The fabricated Si nanowires have 30 to 265 nm and 1.7 μm to several tens of μm in length. FESEM in Fig. 1(a) shows the semi-organized growth of SiNWs fluffs, small wires, and the EDX spectrum, inset Fig. 1(a), reveals that most of the wires made of silicon with small percentage of oxygen. Here we can prove that these wires are not made from other element than silicon and oxygen compounds because the initial substrate is silicon. On the other hand, the oxidation percentage cannot be countered to be directly for SiNWs only because some areas in the substrate surface may get oxidized. The magnified image in Fig. 1(b) shows cracks or pits on the substrate surface. We believe the formation of these cracks is due to the evaporation of SiO gas through the carbo-thermal reaction in Eq. (1). The existence of cracks may be due to the high stress induced by silica thin film in the Si surface or out-diffusion.
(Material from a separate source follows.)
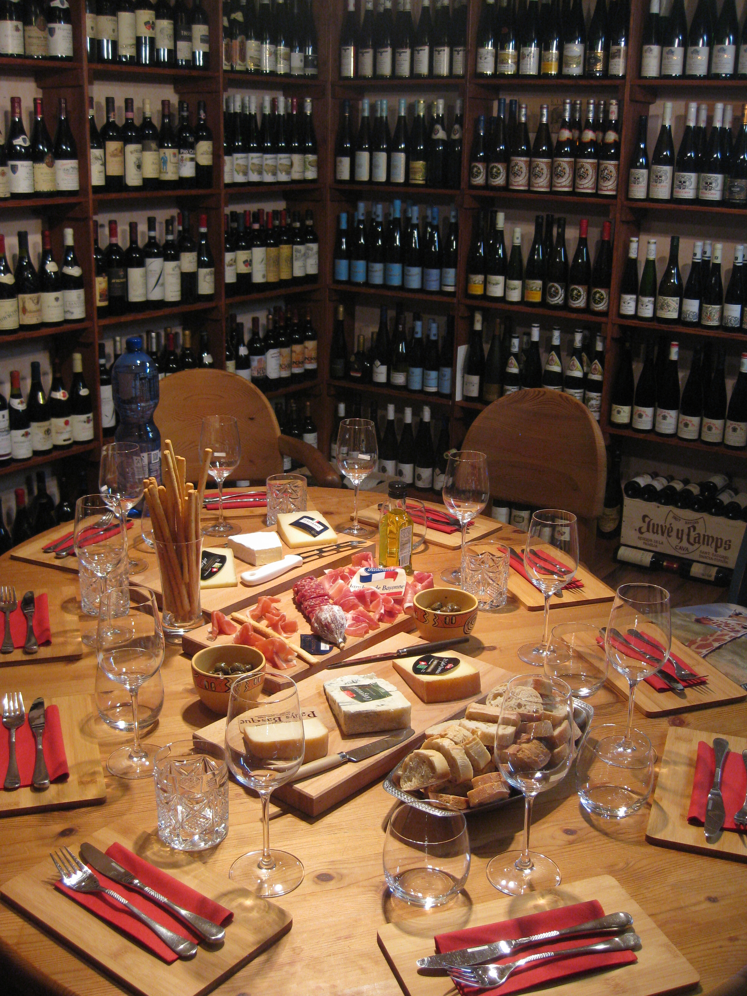Preis 26,- inkl. 6 Käsesorten, Wein, Wasser, Baguette, Salami, Schinken, Grissini u. Oliven.

FESEM and EDX of (a) SiOx nanowires grown under 1200 °C, 30 min deposition time and 40 sccm Ar flowrate, (b) enlarged image of (a).
Figure 1
FESEM and EDX of (a) SiOx nanowires grown under 1200 °C, 30 min deposition time and 40 sccm Ar flowrate, (b) enlarged image of (a).

3.1

3.1 Effect of the argon flow rate

To study the argon gas flow rate, the temperature was kept at 1200 °C and the deposition time as 30 min. In Fig. 1(a–d), the FESEM images were taken at 60, 40, 20 and 10 sccm flow rates for three magnifications of 500×, 4 k and 30 k respectively. In Fig. 2(a) the SiNWs are sparse and short when the flow rate reaches 60 sccm. The wires become denser and longer as the flow rate reduced to 40 sccm, see Fig. 2(b). More reduction on Ar flow rate (20 sccm), the growth of SiNWs increased as in Fig. 2(c). The longest and highest yield has been found when the experiment ran at 10 sccm, see Fig. 2(d). This implies that there is silicon or silicon compound available in vapor form. It was found that the SiO vapor reaches the maximum amount when the argon flow rate has the lowest value (10 sccm).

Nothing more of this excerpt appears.